| YOUR GOAL |
From the data that follows, set down exactly the lines from the one with "Available finishes: Top" through the one with "This life expectancy", counting both. Pictures stay out.

[DATA SHOWN Boundary: Start]

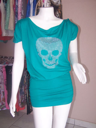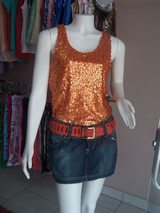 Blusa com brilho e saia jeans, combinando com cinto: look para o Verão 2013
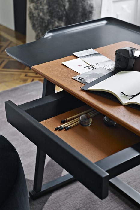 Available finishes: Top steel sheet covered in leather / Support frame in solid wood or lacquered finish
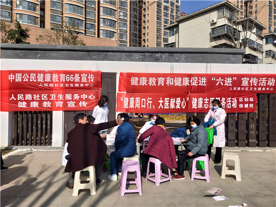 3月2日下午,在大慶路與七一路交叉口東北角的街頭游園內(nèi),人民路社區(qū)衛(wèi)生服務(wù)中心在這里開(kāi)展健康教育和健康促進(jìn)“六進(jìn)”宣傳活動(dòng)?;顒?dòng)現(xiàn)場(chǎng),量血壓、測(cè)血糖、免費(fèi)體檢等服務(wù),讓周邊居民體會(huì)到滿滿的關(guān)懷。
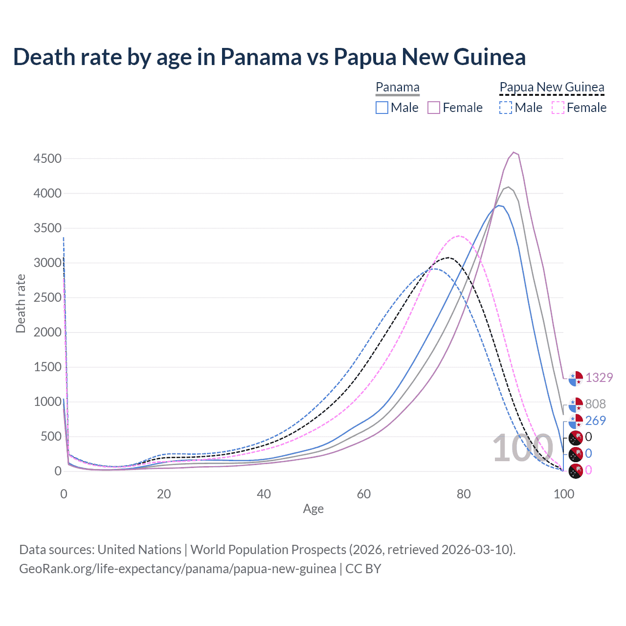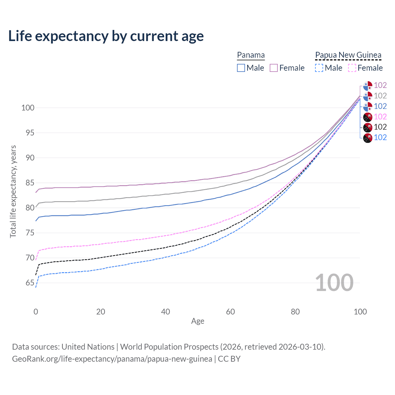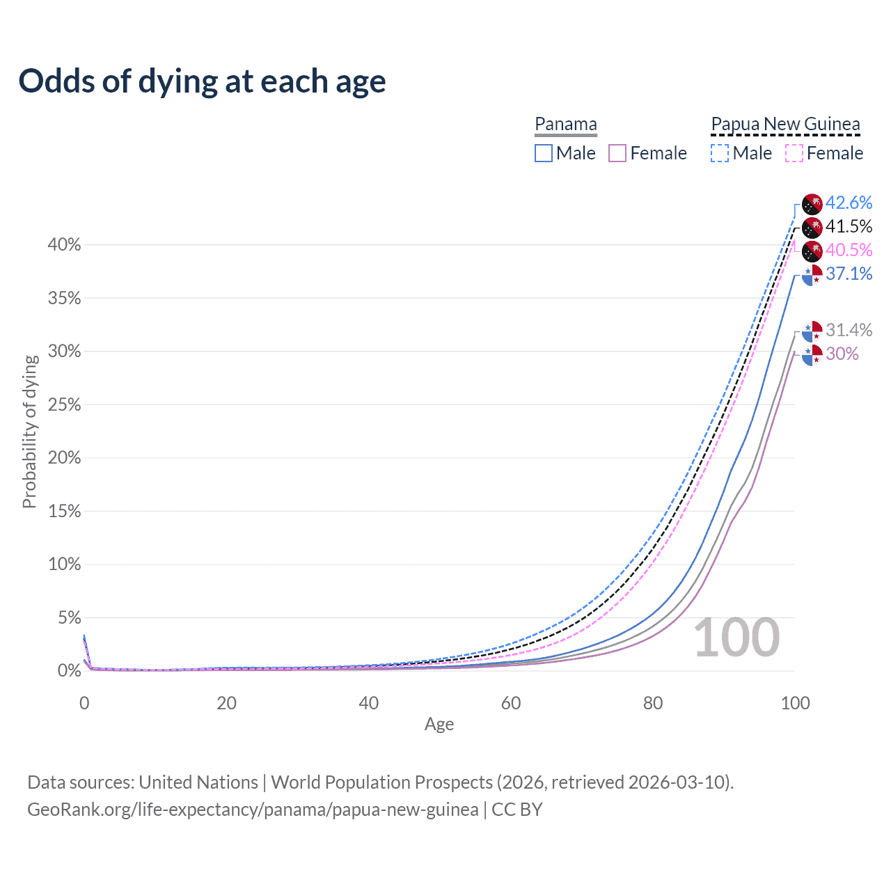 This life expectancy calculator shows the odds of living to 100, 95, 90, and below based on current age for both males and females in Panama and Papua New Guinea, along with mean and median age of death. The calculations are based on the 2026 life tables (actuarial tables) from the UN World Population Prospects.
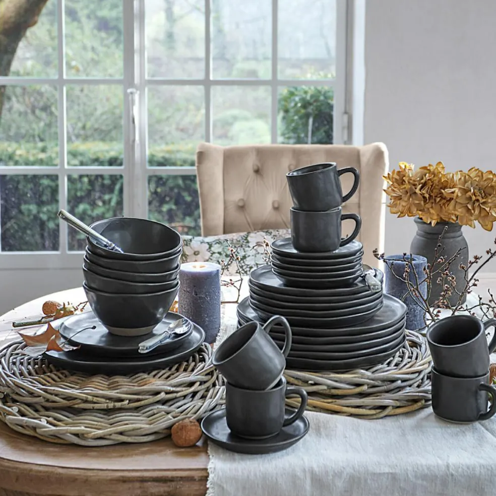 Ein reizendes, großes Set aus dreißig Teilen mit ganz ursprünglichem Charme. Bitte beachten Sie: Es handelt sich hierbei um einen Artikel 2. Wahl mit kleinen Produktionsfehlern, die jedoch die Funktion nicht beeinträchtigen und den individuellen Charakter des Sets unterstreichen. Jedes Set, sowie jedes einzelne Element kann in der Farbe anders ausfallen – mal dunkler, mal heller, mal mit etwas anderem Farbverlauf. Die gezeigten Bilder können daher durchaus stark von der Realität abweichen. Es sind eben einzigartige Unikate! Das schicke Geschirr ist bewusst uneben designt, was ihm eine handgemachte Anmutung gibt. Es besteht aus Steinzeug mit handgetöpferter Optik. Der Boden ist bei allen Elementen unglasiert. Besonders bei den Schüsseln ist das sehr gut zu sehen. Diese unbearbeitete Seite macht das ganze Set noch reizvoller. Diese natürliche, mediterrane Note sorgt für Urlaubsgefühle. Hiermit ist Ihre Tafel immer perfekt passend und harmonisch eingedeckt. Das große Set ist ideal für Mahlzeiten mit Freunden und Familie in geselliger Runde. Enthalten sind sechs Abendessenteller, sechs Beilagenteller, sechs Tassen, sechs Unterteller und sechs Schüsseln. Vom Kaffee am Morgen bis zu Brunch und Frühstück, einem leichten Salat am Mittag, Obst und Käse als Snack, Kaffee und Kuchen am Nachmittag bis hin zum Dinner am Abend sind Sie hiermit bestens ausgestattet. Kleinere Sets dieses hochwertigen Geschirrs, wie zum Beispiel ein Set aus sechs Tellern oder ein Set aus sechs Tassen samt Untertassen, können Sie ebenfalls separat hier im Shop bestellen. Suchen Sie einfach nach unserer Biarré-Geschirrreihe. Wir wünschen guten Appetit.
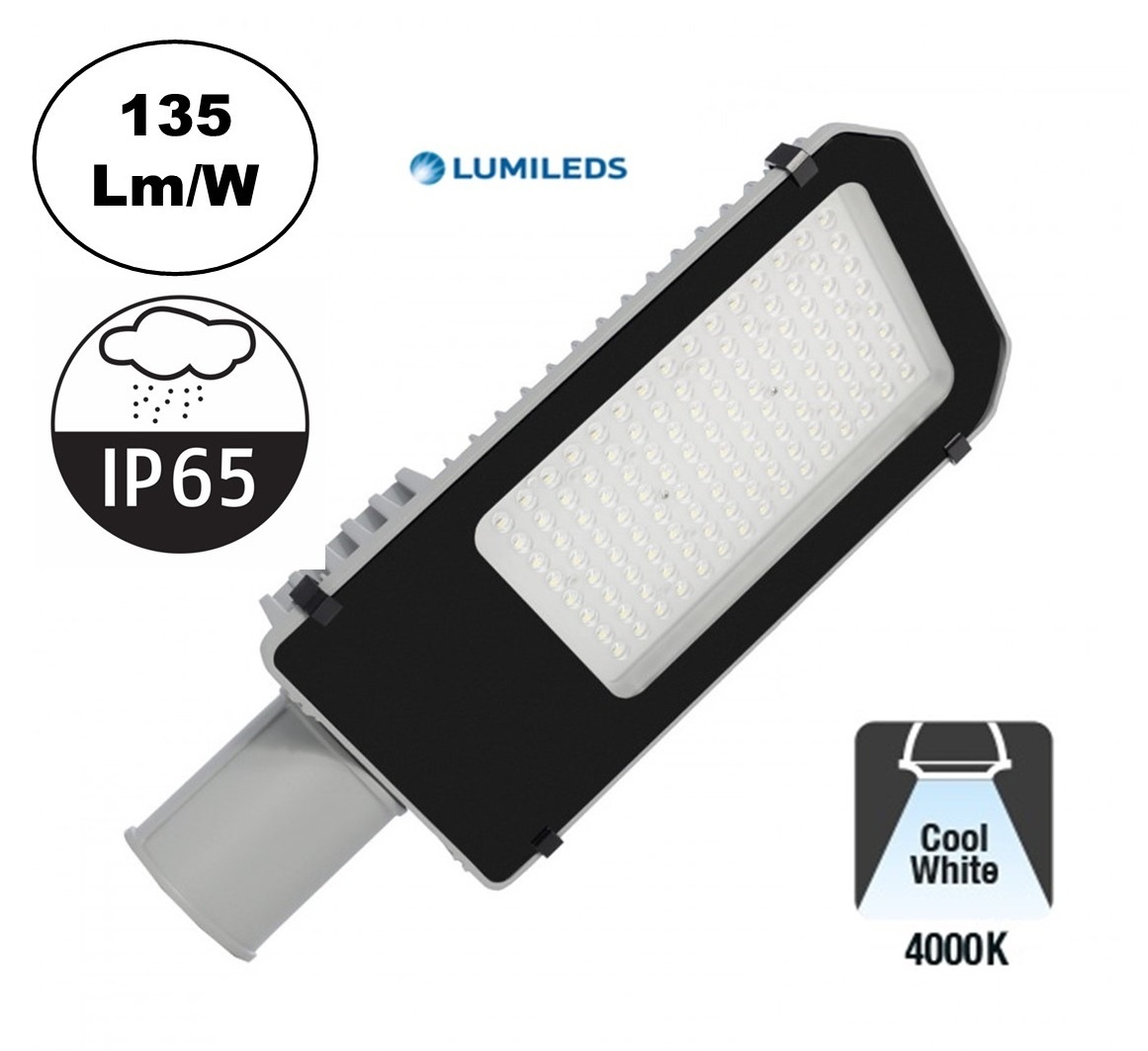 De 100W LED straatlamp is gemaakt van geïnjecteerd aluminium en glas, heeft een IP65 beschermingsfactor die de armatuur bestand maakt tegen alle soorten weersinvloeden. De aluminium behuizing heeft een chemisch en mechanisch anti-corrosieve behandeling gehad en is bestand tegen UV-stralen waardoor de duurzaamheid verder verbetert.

[DATA SHOWN Boundary: End]

| RESULT OF THE EXERCISE |
 Available finishes: Top steel sheet covered in leather / Support frame in solid wood or lacquered finish
 3月2日下午,在大慶路與七一路交叉口東北角的街頭游園內(nèi),人民路社區(qū)衛(wèi)生服務(wù)中心在這里開(kāi)展健康教育和健康促進(jìn)“六進(jìn)”宣傳活動(dòng)?;顒?dòng)現(xiàn)場(chǎng),量血壓、測(cè)血糖、免費(fèi)體檢等服務(wù),讓周邊居民體會(huì)到滿滿的關(guān)懷。
 This life expectancy calculator shows the odds of living to 100, 95, 90, and below based on current age for both males and females in Panama and Papua New Guinea, along with mean and median age of death. The calculations are based on the 2026 life tables (actuarial tables) from the UN World Population Prospects.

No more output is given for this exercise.